Бургомистр кивал, словно самому себе, убеждаясь, что все делает правильно, его губы что-то бормотали. Но потом он проговорил уже громче:

– Орелия, нет смысла спорить. Жребий брошен и вытянут в присутствии всех этих мужчин. Не хочу казаться героем. Поверь, происходил это тайно, я бы нашел лазейку. Я бы придумал, как не пустить тебя. Как уберечь от этой жертвы. Но все произошло здесь…

– Как ты мог… – разрыдалась Орелия. – Ты должен был предвидеть, ты… Ты…

По лицу бургомистра было видно, что он с трудом держится, чтобы не завыть в голос. Пальцы так сильно сжали стакан, что по нему разошлась паутина трещин, он в кровь кусал губы, но продолжал сидеть в кресле бургомистра. И несмотря на весь ужас происходящего, Эмили ощутила глубокое уважение к этому человеку.

Никто не решался вмешаться судьбоносный разговор отца и дочери. Даже Нордил, который прежде всё время что-то выкрикивал, притих и круглыми глазами взирает то на Орелию, то на бургомистра.

Тот проговорил все так же тяжело:

– Речному демону нужна дева. Невинная и непорочная дева, и лишь так он меняет гнев на милость.

Орелия смотрела на отца, и лицо её вдруг начало медленно меняться. Из бледного оно становилось розовым, а когда щеки побагровели, спросила дрогнувшим голосом:

– Невинная и непорочная?

– Ты не хуже меня знаешь закон, – отозвался бургомистр.

– Но…

– Не терзай больше мне душу, Орелия, – проговорил он, вытирая лицо. – Я не знаю, кому из нас хуже…

– Несомненно мне, – вдруг резко бросила Орелия. – Это же не тебя отправляют на казнь!

Бургомистр поднял усталый и какой-то затравленный взгляд.

– Не казнь, – поправил он. – Жертву…

Губы Орелии искривились, она выкрикнула:

– Какая разница, как называть этот ужас! Отец, прошу, подумай…

– Уже все решено…

– Но демон не примет мою жертву! – выпалила наконец Орелия.

По залу прокатился испуганный вздох, все застыли, в воздухе повисло напряжение. Эмили тоже собралась, словно готовится к прыжку.

Бургомистр непонимающе вытаращился на дочь.

– Что? Что ты говоришь, Орелия? – спросил он.

Девушка повторила:

– Я говорю, папенька, что речной демон не примет меня в качестве жертвы.

– Почему ты так решила? – поинтересовался отец, и Эмили в голосе бургомистра уловила явную надежду.
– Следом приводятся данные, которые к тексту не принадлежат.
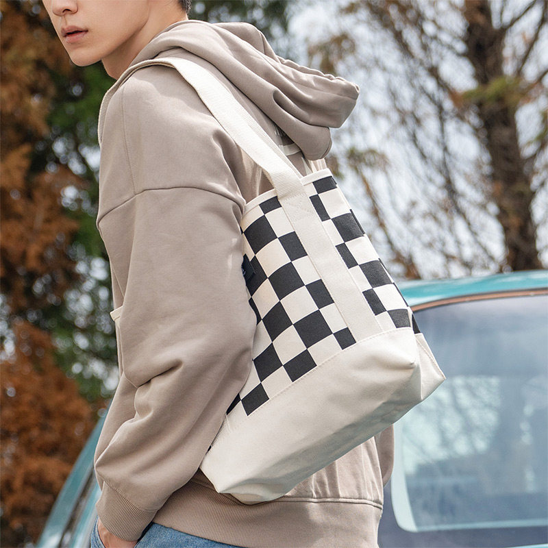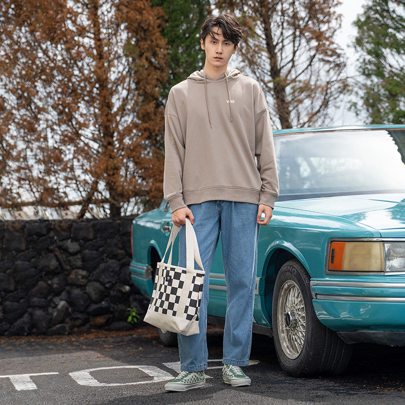 Vans范斯官方 男女情侣挎包单肩包米白色棋盘格大容量

Орелия колыхнула головой, откидывая за спину косы, похожие на канаты и проговорила:

– Демону нужна невинная и непорочная.

После этих слов она внимательно посмотрела на отца, но тот, словно не понимал, к чему она клонит. Тогда девушка вдохнула и сказала на выдохе:

– Речной демон не примет моей жертвы потому, что ему требуется девственница. А я таковой не являюсь.

В любое другое время такое заявление означало бы несмываемый позор на голову девицы, десяток ударов плетьми по пяткам, пожизненное наказание, крики и угрозы… Но сейчас на лице бургомистра читалось лишь одно чувство. И это чувство называлось облегчение.
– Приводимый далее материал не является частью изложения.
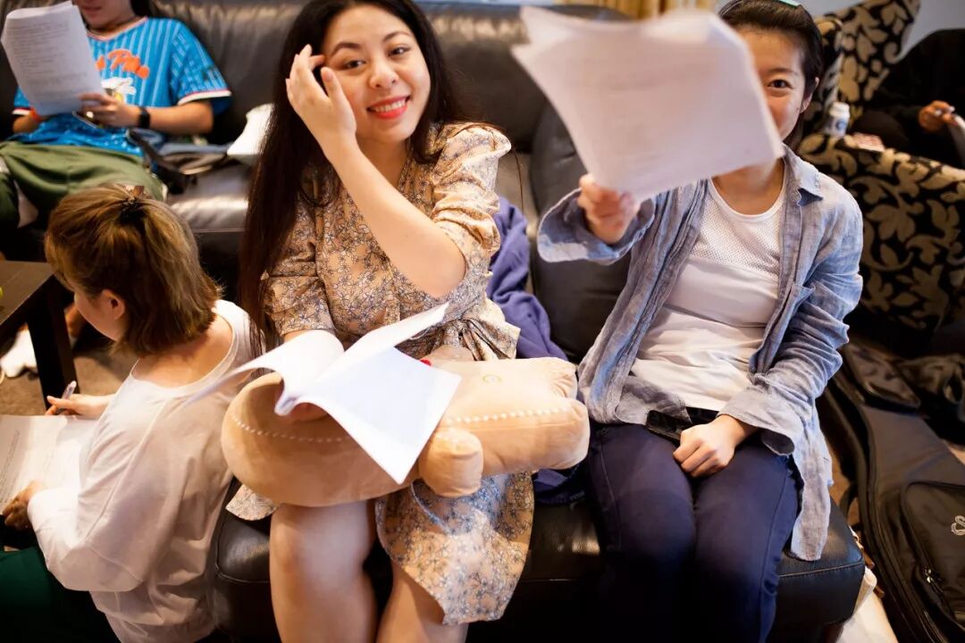 最大的困难应该还是在进入角色上。因为我平常比较迷糊,比较慢热,这个角色是眼明嘴快那种,跟其他人物关系又很微妙,一开始我内心也是进入不了角色。好在我们每次排练气氛都很好,大家会给你空间不断去试,哈哈。所以我慢慢从撒娇会笑场排练到现在已经比较顺畅啦。

Не то облегчение, которое испытывают люди, донося тяжелую сумку из лавки домой. Нет. Это было облегчение великана, держащего гору, к которому внезапно пришла смена, и он передал непосильную ношу на другие плечи.

Мужчины тревожно за шептались, Орелия победно смотрела на них, словно выстояла против армии врага. Хотя это почти так и было. Бургомистр тяжело дышал, шаря взглядом по столу, будто там мог найти нужные слова.

Наконец, дар речи к нему вернулся, он проговорил дрожащим от нервов голосом:

– То есть, как… Ты не невинна? Но кто… Впрочем, сейчас это не имеет никакого значения.

– Именно, – согласилась Орелия, вскинув подбородок.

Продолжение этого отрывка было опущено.